The 2nd District Court of Appeals found unconstitutional the Defense of Marriage Act, a Clinton-era law that recognizes only marriages between one man and one woman.

Although marriage is typically a state responsibility, DOMA affects a variety of areas of federal law, from the tax code to employment benefits.

The case before the court involved Edith Windsor, who was charged with $360,000 in inheritance tax when her partner of 44 years died, even though the couple had been married in Canada. An opposite-sex couple in the same situation would not have had to pay.

Framed that way, it was clear to the court’s majority that the constitutional promise of equal protection under the law could not be kept because of DOMA.

Judge Dennis Jacobs, who wrote the majority opinion, compared bias against gays to other forms of discrimination, such as discrimination against women, and determined that “homosexuals are not in a position to adequately protect themselves from the discriminatory wishes of the majoritarian public.”


This ruling, along with another from the 1st District court that also found DOMA unconstitutional, is headed to the U.S. Supreme Court, perhaps as soon as this session.

These cases are interesting because they frame this issues in the unemotional language of the law. They are not decided on abstract messages about the meaning of marriage or religious doctrine, but as a simple question of fairness.

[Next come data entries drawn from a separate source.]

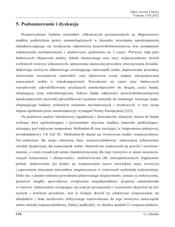 Open Access Library Volume 3 (9) 2012 5. Podsumowanie i dyskusja Przeprowadzone badania materiaŽów silikonowych przeznaczonych na dŽugoczasowe miCkkie podWcielenia protez stomatologicznych w kierunku otrzymania nanokompozytu charakteryzuj>cego siC zwiCkszon> odpornoWci> przeciwdrobnoustrojow> oraz poc>danymi wŽasnoWciami mechanicznymi i ucytkowymi, podzielono na 3 czCWci. Pierwszy etap prac badawczych obejmowaŽ analizy skŽadu chemicznego oraz testy rozpuszczalnoWci dwóch wybranych tworzyw silikonowych, opracowanie skutecznej procedury otrzymywania dwuskŽadnikowego tworzywa silikonowego zawieraj>cego nanocz>stki srebra, dopracowanie procedury sieciowania otrzymanych materiaŽów oraz jakoWciow> ocenC stopnia zdyspergowania nanocz>stek srebra w nanokompozytach. Powodzenie tej czCWci prac badawczych warunkowaŽo zakwalifikowanie uzyskanych nanokompozytów do drugiej czCWci badaM, obejmuj>cej testy mikrobiologiczne. Sukces badaM odpornoWci przeciwdrobnoustrojowej nanokompozytów pozwoliŽ zakwalifikowa5 uzyskane materiaŽy do ostatniego, trzeciego etapu, obejmuj>cego badania wybranych wŽasnoWci mechanicznych i ucytkowych, w tym ocenC stopnia speŽnienia przez nanokompozyty wymagaM Normy Europejskiej [223]. Na podstawie analizy literaturowej zagadnienia i doWwiadczeM wŽasnych Autora do badaM wybrano dwa ogólnodostCpne i powszechnie ucywane miCkkie materiaŽy podWcielaj>ce: sieciuj>cy pod wpŽywem temperatury Molloplast-B oraz sieciuj>cy w temperaturze pokojowej, dwuskŽadnikowy Ufi Gel SC. Molloplast-B okazaŽ siC tworzywem trudno rozpuszczalnym. Nie znaleziono dla niego wŽaWciwej bazy rozpuszczalnikowej, stanowi>cej jednoczeWnie oWrodek dyspersyjny dla nanocz>stek srebra. MateriaŽ ten rozpuszczaŽ siC powoli i nierównomiernie, o czym WwiadczyŽa utrata charakterystycznej dla tego tworzywa w stanie nieusieciowanym konsystencji i plastycznoWci, zaobserwowana dla nierozpuszczonych fragmentów próbek. JednoczeWnie juc krótko po rozpuszczeniu nawet niewielkiej masy tworzywa i zaprzestaniu mieszania mieszadŽem magnetycznym w roztworach zachodziŽa sedymentacja. Efekt ten, z punktu widzenia powodzenia planowanego eksperymentu, uznano za niekorzystny, poniewac mógŽby spowodowa5 zwiCkszenie niejednorodnoWci dyspersji nanomateriaŽu w osnowie. JednoczeWnie wytr>caj>cy siC osad po przes>czeniu i wysuszeniu okazywaŽ siC by5 suchym i kruchym proszkiem. Jest to kolejny dowód na selektywne rozpuszczanie siC skŽadników i brak mocliwoWci efektywnego wprowadzenia do tego tworzywa nanocz>stek srebra metod> rozpuszczalnikow>. Nalecy podkreWli5, ce obydwa spoWród 21 rozpuszczalników, 116 G. Chladek MateriaŽy nanokompozytowe ulepszane nanosrebrem na dŽugoczasowe miCkkie podWcielenia protez stomatologicznych które wzglCdnie dobrze rozpuWciŽy poddany testom materiaŽ, s> substancjami toksycznymi. Tetrahydrofuran cechuje siC duc> zdolnoWci> do penetracji i uszkadzania tkanek miCkkich, a jego opary uszkadzaj> bŽonC Wluzow> nosa, wywoŽuj>c krwawienie. WpŽywa takce niekorzystnie na oczy i ukŽad oddechowy. Tetrahydrofuran wykazuje ponadto potencjalnie niebezpieczn> w trakcie prac laboratoryjnych tendencjC do przemiany w nadtlenki, które wybuchaj> w trakcie podgrzewania. Chloroform wywoŽuje podracnienia oczu i skóry, jest toksyczny po poŽkniCciu i przy wchŽanianiu drogami oddechowymi, dziaŽa depresyjnie, powoduj>c nawet trwaŽe zmiany w obrCbie ukŽadu nerwowego, uszkadza w>trobC, nerki, prawdopodobnie wykazuje wŽasnoWci rakotwórcze. W zwi>zku z powycszym Molloplast-B zdyskwalifikowano z dalszych prac badawczych. Natomiast bardzo dobr> rozpuszczalnoW5 uzyskano dla obydwóch skŽadników Ufi Gel SC w oWmiu rozpuszczalnikach (czterech polarnych i czterech niepolarnych), przy czym skŽadnik „baza” rozpuszczaŽ siC nieco szybciej. SpoWród rozpuszczalników polarnych, w których Žatwiej jest wytworzy5 stabilne zawiesiny nanocz>stek srebra, do dalszych testów wytypowano heksan, poniewac niska temperatura wrzenia heksanu, wynosz>c> 68°C, uŽatwiŽa odparowanie rozpuszczalnika z otrzymywanych skŽadników nanokompozytów. PozostaŽe skuteczne niepolarne rozpuszczalniki miaŽy znacznie wycsze temperatury wrzenia, wynosz>ce kolejno: heptan – 98 °C, toluen – 111°C i ksylen – od 137 do 143°C [217-220]. Heksan jest jednoczeWnie najmniej toksyczny spoWród wycej wymienionych czterech substancji (rozdziaŽ 4, tablica 4.5). Jest to istotne ze wzglCdu na planowane przeznaczenie materiaŽu, dla osób prowadz>cych badania laboratoryjne oraz z przyczyn ekologicznych. JednoczeWnie na podstawie analizy widm 1H NMR skŽadników tworzywa przeprowadzonej po próbnym odparowaniu heksanu, nie stwierdzono zmian skŽadu chemicznego, w porównaniu do materiaŽu w stanie wyjWciowym, co wskazaŽo na duce prawdopodobieMstwo sukcesu dalszych badaM. Na podstawie przeprowadzonych eksperymentów, w ramach których przetestowano piC5 rócnych metod odparowywania rozpuszczalnika z roztworu kompozycji, opracowano finaln> procedurC, która pozwalaŽa na wykonywanie przeznaczonych do wszystkich kolejnych badaM skŽadników nanokompozytu z zawartoWci jednego kartusza skŽadnika materiaŽu podWcielaj>cego. UdziaŽy masowe nanocz>stek srebra w skŽadnikach tworzywa wynosiŽy 10, 20, 40, 80, 120 i 200 ppm. Procedura ta byŽa dwuetapowa. ObejmowaŽa wstCpne zagCszczanie otrzymywanych skŽadników na wyparce rotacyjnej pod ciWnieniem 0,01 MPa i kontynuowanie odparowywania na szalce Petriego w temperaturze 50°C. Dla wycszych udziaŽów masowych nanocz>stek 5. Podsumowanie i dyskusja 117 Open Access Library Volume 3 (9) 2012 srebra stosowano dŽucsze czasy zagCszczania na wyparce, ze wzglCdu na wiCksz> masC heksanu wprowadzanego z nanocz>stkami srebra. OczywiWcie, mocliwym byŽo np. odparowanie caŽoWci rozpuszczalnika na wyparce rotacyjnej, jednak podstawow> przyczyn> przemawiaj>c> za kontynuowaniem usuwania heksanu na szalkach, byŽo zmniejszenie strat materiaŽu. Ewentualne wyjCcie nanokompozytu z kolby okr>g
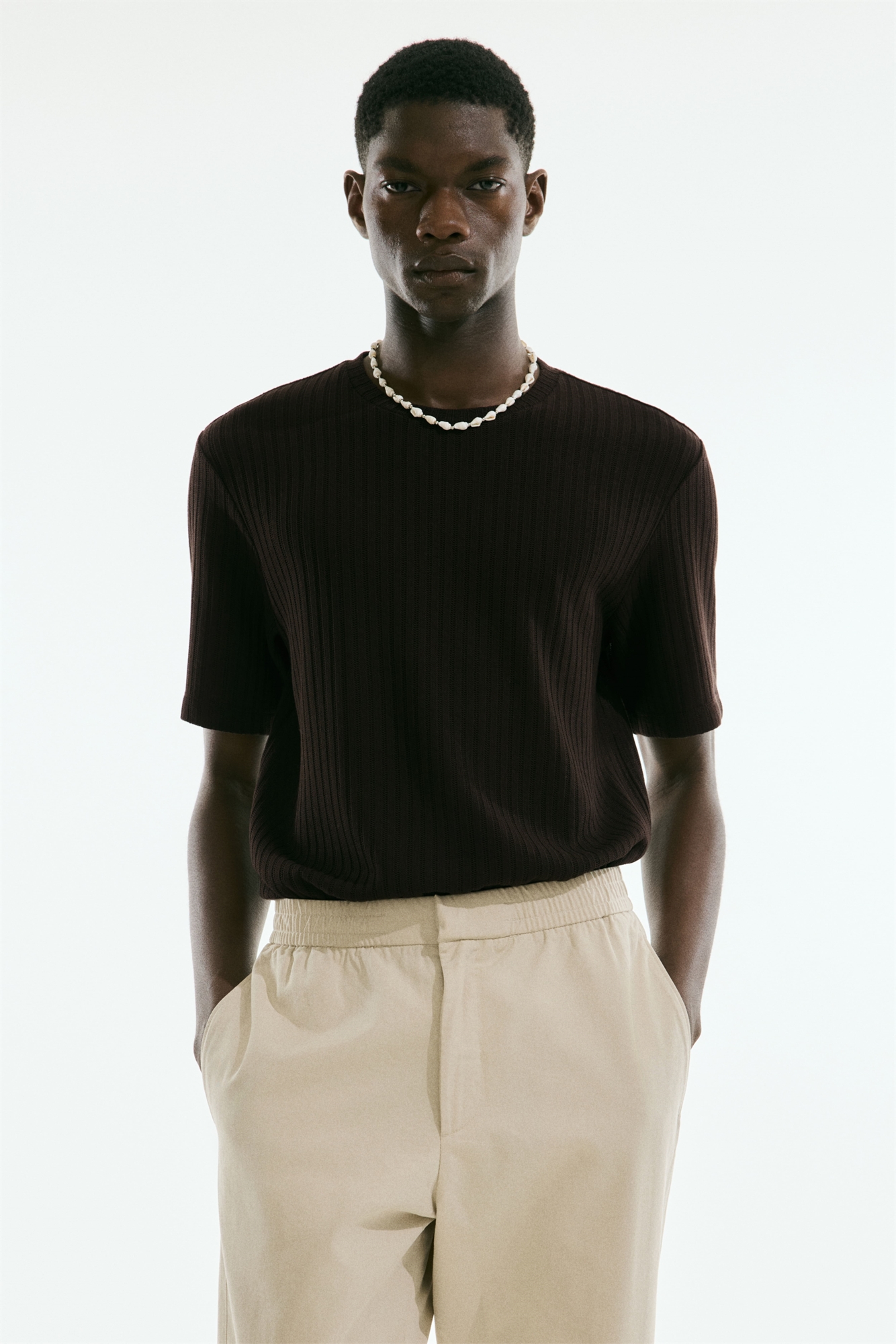 Футболка из мягкого ребристого трикотажа из вискозы с круглым вырезом. Регулярный крой для комфортной носки и классического силуэта.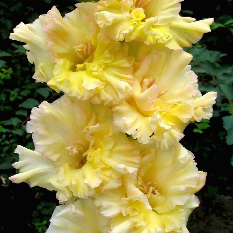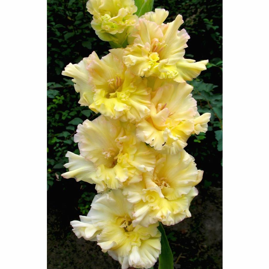 514-СР-99, ССГ, 24/12 ДЫБОВ В Ф. Нежно-лимонно-жёлтый цветок, с переходом в светло-розовые полутона. Цветы сильно гофрированные глубокими складками. В идеально двухрядном колосе 24 бутона, одновременно открыты 12 цветков! Отличная срезка!

These court rulings will not directly affect same-sex couples here in Maine. Even if upheld by the Supreme Court, the rulings won’t enable couples to go to town hall and apply for a marriage license, giving them the legal foundation for a stable family, unless a majority of Mainers vote yes on Nov. 6.

Like the judges in New York and Boston, Maine people are being asked if it’s fair to exclude one group of families from the legal protections most other families enjoy.

They are being asked whether a history of bias is enough to justify future bias.

Like the judges, Maine voters should put fairness first.